In this episode of the Beginner’s Garden Podcast and in the article below, you’ll learn how to grow okra either in your garden or raised bed — no matter where you live.
While most people assume okra is only for southerners, you definitely can (and should!) grow okra even in the north. The key is soil and air temperature. You don’t want to plant until your soil is 75* — the warmer the better. Okra won’t grow in cool soil, and it will not grow well until daytime temperatures rise to around 90*. Understanding these ideal growing conditions for okra, I plant my seeds about a month after our last frost.
How to Grow Okra from Seeds
Personally, I only plant okra from seed. I haven’t had to buy okra seeds in seven years because it’s so easy to save these seeds! (Learn how to save okra seeds here.)
Sometimes people soak their seeds for faster germination. And since okra seeds are hard, some find success by nicking their seeds with something sharp to help them germinate, a process known as scarification.
What if you’re planting okra in a cooler, short-season climate? Joey and Holly Baird from the Wisconsin Vegetable Gardener shared their tips with me on growing okra in a cooler climate. They suggested soaking your seeds in milk overnight. The acid in the milk can break down the seed coating so they will germinate more quickly.
How to Plant Okra from Transplants
Can you plant okra from transplants? Yes, but you do need to keep in mind a few things.
The main thing you want to consider with transplants is that okra has a long taproot. Buy a smaller transplant so that the taproot has not reached the bottom of the pot. If you’re starting your okra seeds indoors, carefully time your sowing where you can transplant those small plants approximately one month after your last frost.

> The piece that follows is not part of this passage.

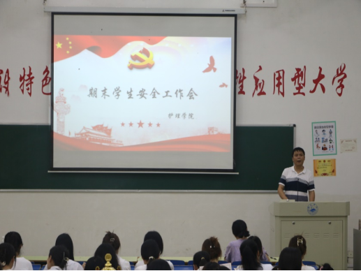为做好考试安全月和期末安全工作,6月11日,BB贝博艾弗森官方网站在华阶一召开期末学生安全工作会议,党委副书记龚英军、学生科科长胥杜鹃、团委学生会和各班班干干部共同参加。

Transplants will be more helpful for gardeners cooler climates with shorter growing seasons. In my southern heat, it’s much easier to plant seeds directly in the ground.
How Much Okra to Plant and Plant Spacing Requirements
How many okra plants do you need, and how far apart should they be planted? I recommend starting with 2-4 plants and keeping them about 12″ apart. This is just an average; I plant about a dozen or more each season for my family and we eat okra twice per week during peak season.
Also keep in mind that if you’re in a cooler climate, your plants may not grow as tall as those of us with hotter summers. Because of this, your yield could be comparatively less; therefore, you might want to plant more.
In areas with hot summers, okra will get very tall. In your garden planning, consider this when planning what to plant around your okra so that you don’t have problems with the okra casting too much shade.
Growing Okra in Raised Beds
What if you don’t have an in-ground garden? You can absolutely grow okra in your raised beds! But you need to be careful with the taproot and not plant them in a bed with an impermeable bottom layer, like landscape fabric or a new layer of cardboard. The taproot needs to have plenty of room to grow. The taproot of an okra plant can grow two to three feet deep.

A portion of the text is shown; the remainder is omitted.